Ying'er, de son côté, était assise sur un petit tabouret. À la faible lumière de la lampe, elle raccommodait avec soin les ourlets effilochés de la robe bleue de Ye Xuan. Tandis que son aiguille allait et venait, elle levait parfois la tête pour glisser un regard discret vers son mari, absorbé dans son travail, laissant un sourire large et indéfectible fleurir aux coins de ses yeux.

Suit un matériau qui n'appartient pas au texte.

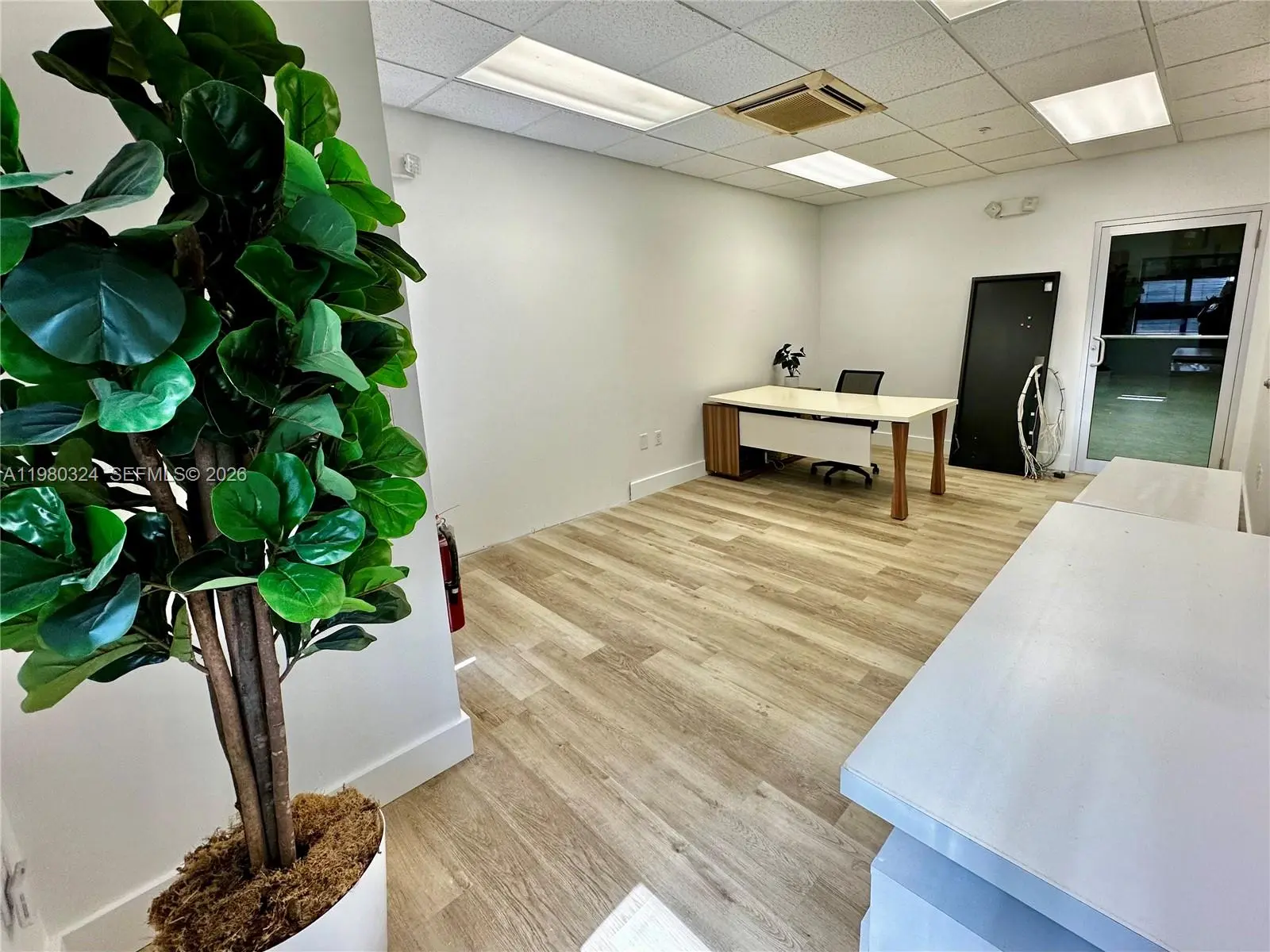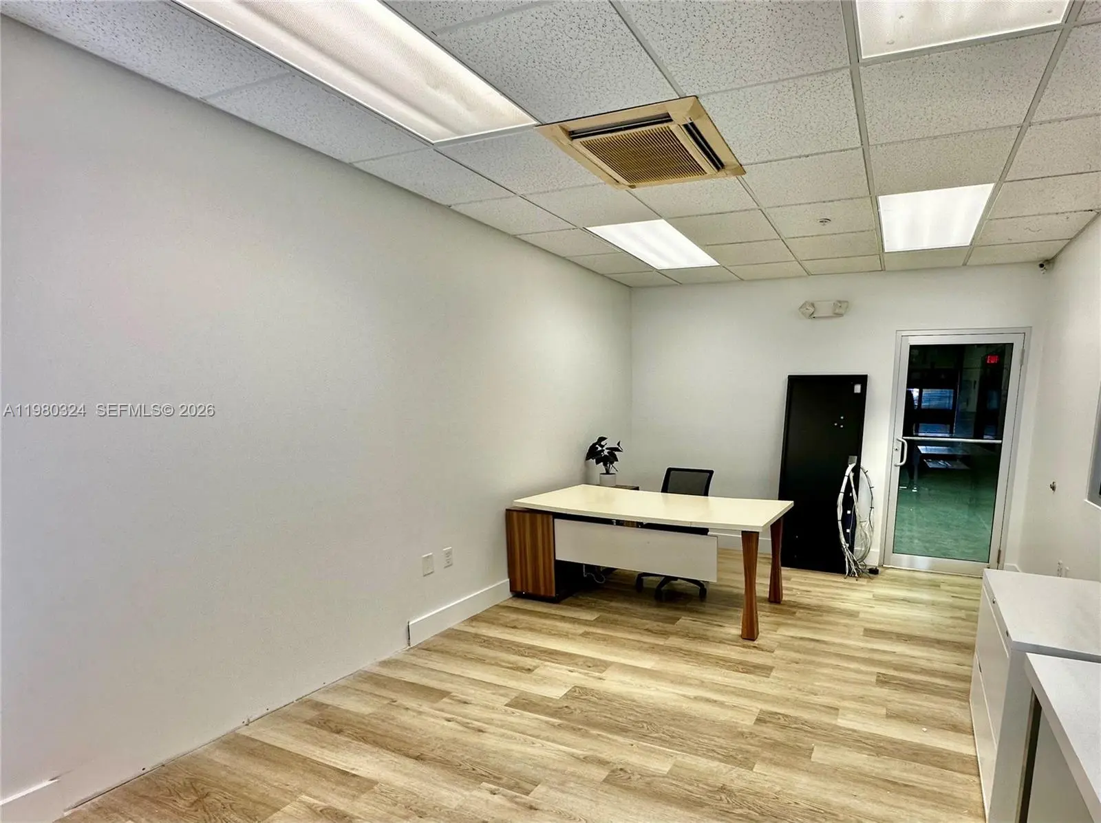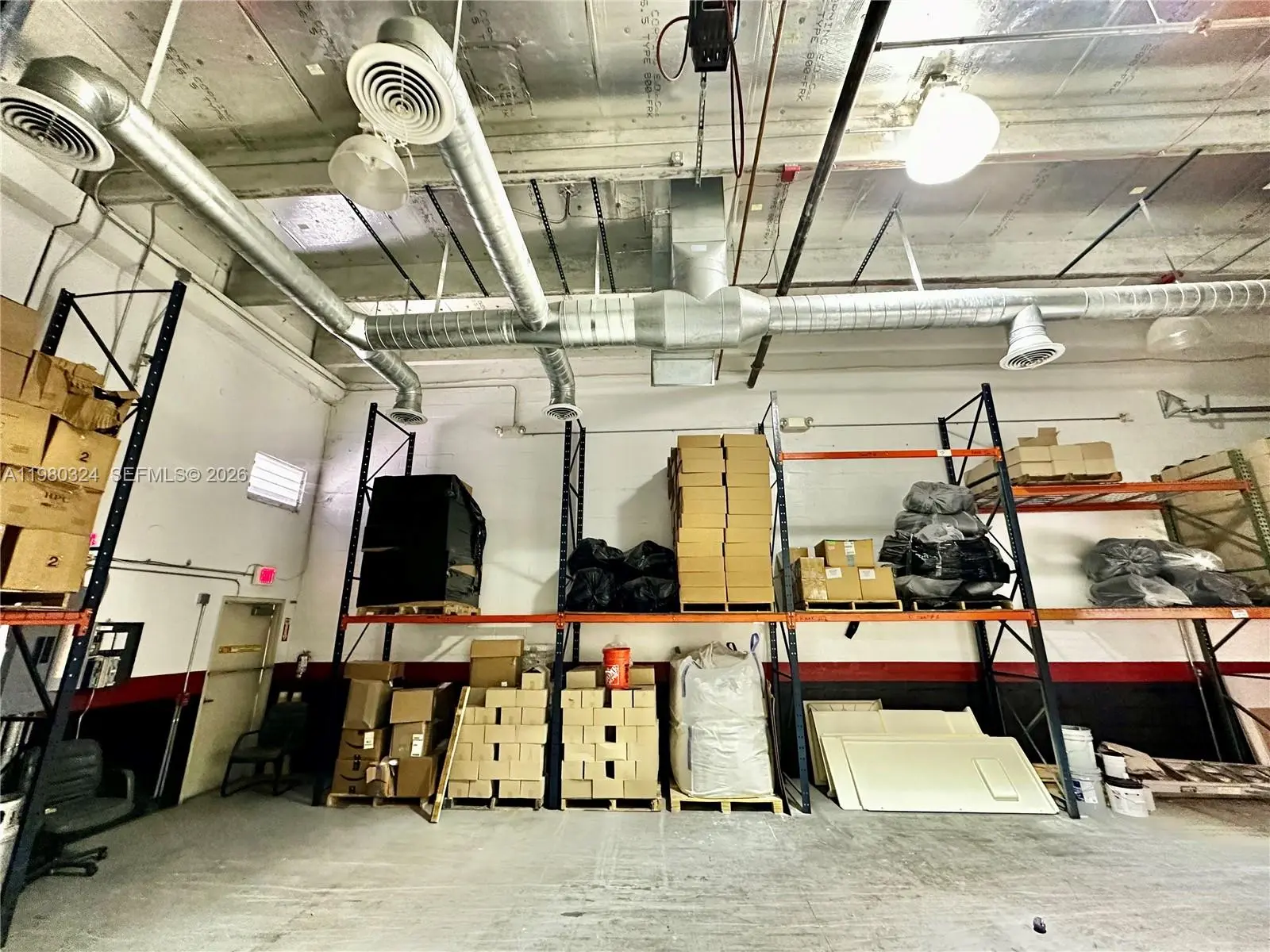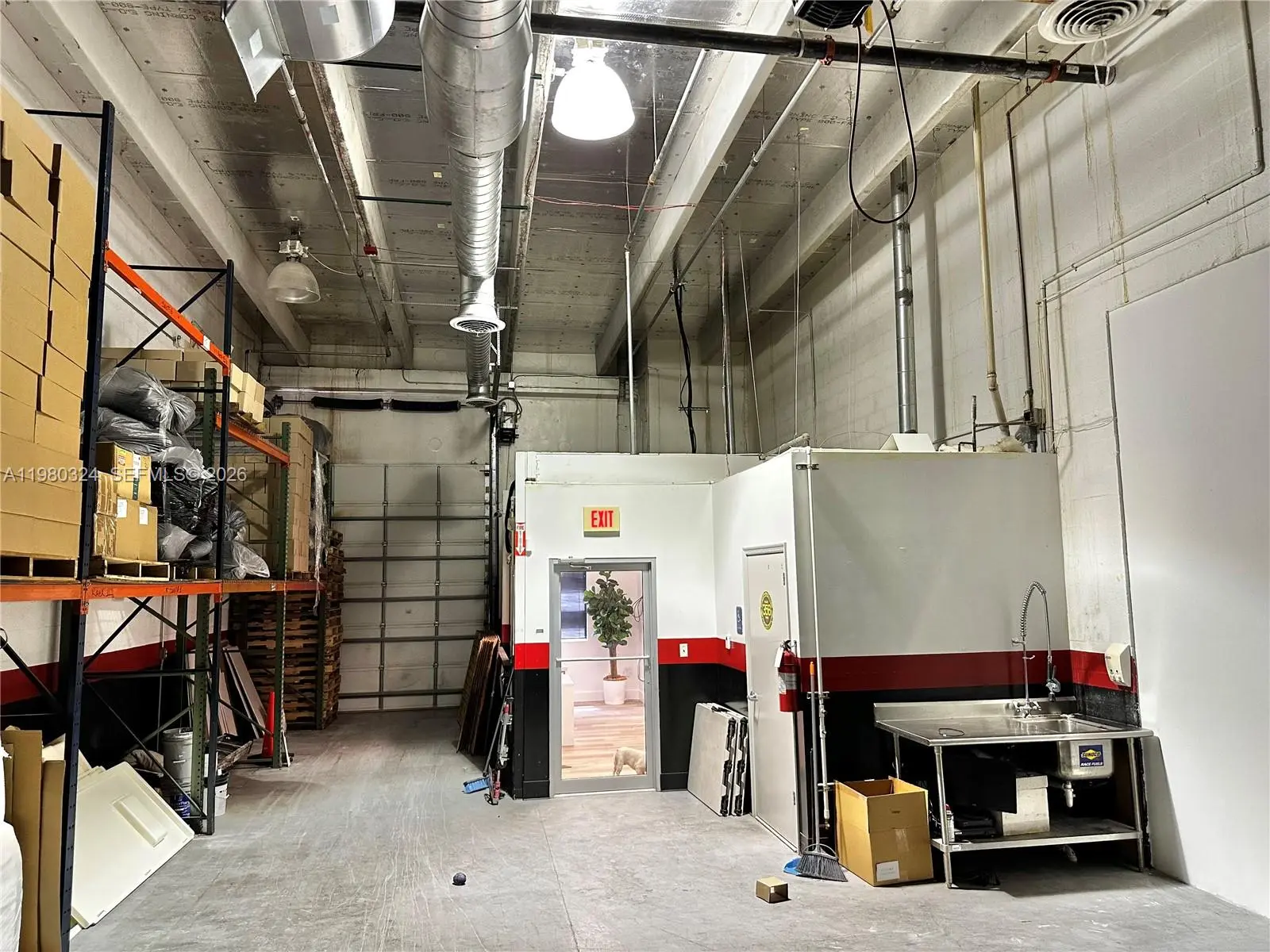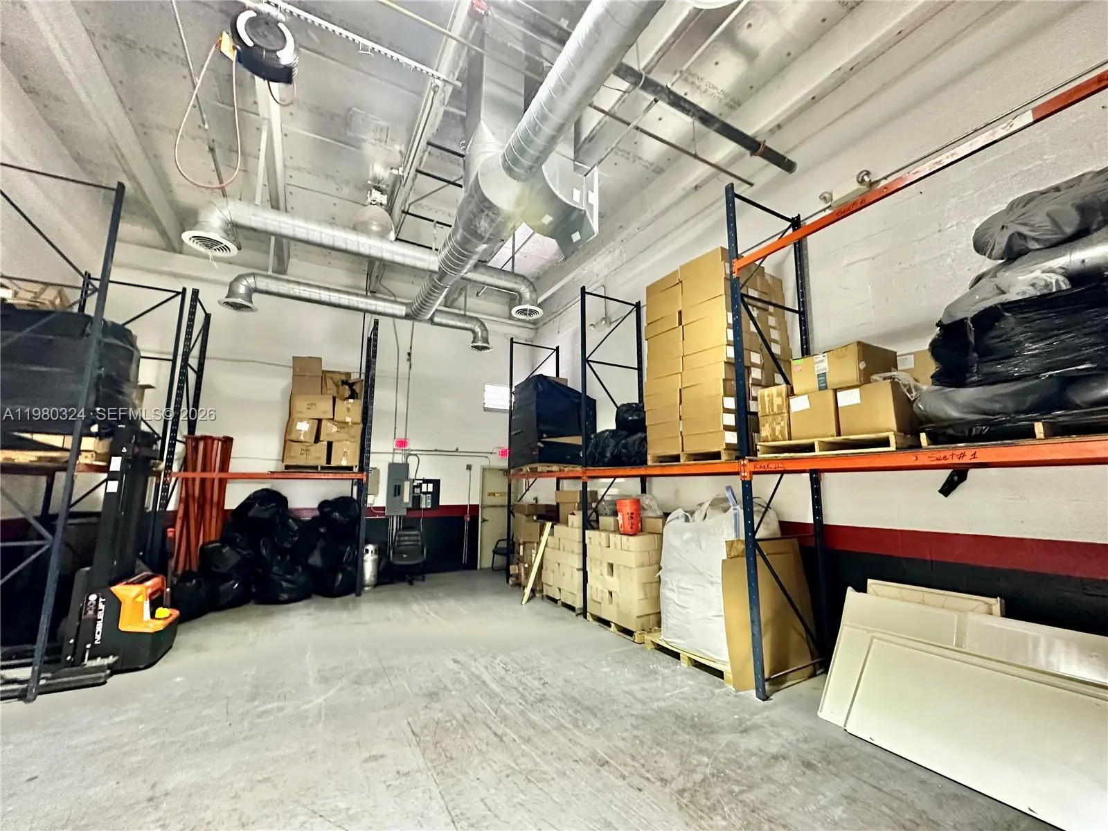 Fully air-conditioned 1,301 sq ft warehouse with 20 ft height ceiling located in Sweetwater. Conveniently located near major highways, Miami International Airport and Dolphin Mall Shopping Center. This versatile property features a spacious open warehouse area, private office space, an automatic overhead door, pallet storage racks, 2 assigned parking spaces as well as ample guest parking. This unit is ideal for light industrial, distribution, e- commerce, or creative workspace needs.

De tels jours étaient aussi paisibles qu’un rêve dont on ne voudrait jamais s’éveiller.
« Mari. »
Ying'er laissa choir le fil entre ses dents, comme si elle venait de se souvenir de quelque chose, puis inclina la tête avec curiosité pour demander : « Depuis dix ans, tous les anciens du village racontent qu’une divinité a longtemps habité ici sous le nom d’Empereur Épée Absolu. En te voyant dans la Tombe de l’Épée… cet Empereur Épée, Ye Wushuang, était-ce vraiment toi ? »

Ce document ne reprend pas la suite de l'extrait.